Whatever happened to the axis of evil? With a speech etched in the memories of foreign policy buffs the world over, President George W. Bush in 2002 named three alleged state sponsors of terrorism as members of this inglorious (if amorphous) international cabal. Bush accused North Korea, Iran and Iraq of starving their citizens, exporting terror and attempting to amass stockpiles of biological, chemical and nuclear weapons—all insidious activities that put global security at risk. Indeed, Bush insisted that the very existence of these rogue regimes was inimical to U.S. and international security alike. Rulers in Pyongyang, Tehran and Baghdad were effectively put on notice.
Much has changed in the intervening years. Following its invasion and occupation by U.S.-led coalition forces (the rumored “first stage” in the remaking of the world order under the auspices of the Bush Doctrine) Iraq is now considered to be a U.S. ally in the Middle East—albeit one racked by internal division and currently under heavy assault by ISIS militants. U.S.-Iran relations are also undergoing a major overhaul, with touch-and-go negotiations over Tehran’s nuclear program holding out the distinct promise of Iran’s coming in from the diplomatic cold. While Tehran will never be a close ally of the United States so long as its present theocratic form of government persists, the prospect of a workable modus vivendi is at least in the offing.
Even America’s relations with honorary members of the axis of evil have eased since the first term of the Bush administration. Following the invasion of Iraq, Muammar Gaddafi agreed in December 2003 to dismantle his country’s weapons of mass destruction programs. Although Gaddafi was killed in 2011 amid the uprising against his rule, U.S.-Libya relations had improved significantly in the preceding half-decade: an embassy had been established in 2006 and Libya was officially removed from Washington’s list of state sponsors of terrorism. More recently, of course, diplomatic relations between the U.S. and Cuba are now in the process of being normalized.

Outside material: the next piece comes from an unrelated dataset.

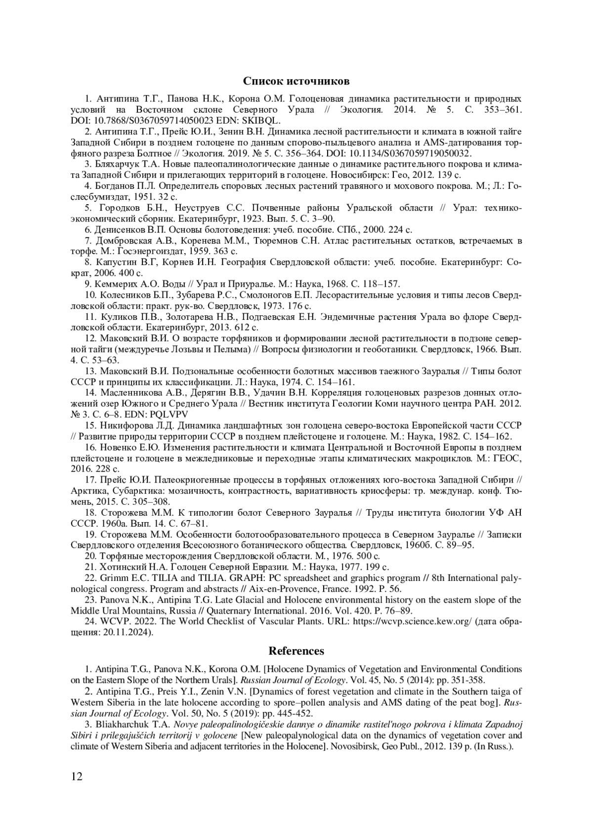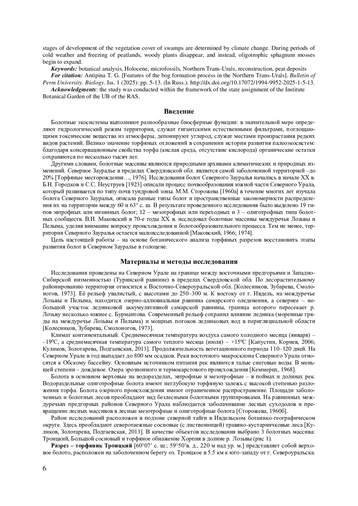 АНТИПИНА Т. Г. ОСОБЕННОСТИ БОЛОТООБРАЗОВАТЕЛЬНОГО ПРОЦЕССА В СЕВЕРНОМ ЗАУРАЛЬЕ // ВЕСТНИК ПЕРМСКОГО УНИВЕРСИТЕТА. СЕРИЯ: БИОЛОГИЯ. 2025. № 1

North Korea stands out as an exception to all of this diplomatic drama. Far from showing signs of betterment, U.S.-North Korean relations have worsened since 2002. Pyongyang has: made significant progress towards developing a reliable nuclear weapons capability; launched deadly military attacks against South Korea; been linked with supplying the embattled Syrian regime with war materiel such as gas masks ; recently carried out a successful cyberattack against a U.S. corporation; and remained impervious to outside attempts to pressure it into pursuing domestic reforms. The Bush-era multilateral framework for dealing with North Korea (the six-party talks ) has disintegrated. Indeed, Pyongyang’s bargaining position vis-à-vis the U.S. might even be improving in light of closer ties being forged with Russia—an incipient patron-client relationship, perhaps, that will further reduce the ability of the U.S. to dictate terms to the Kim regime.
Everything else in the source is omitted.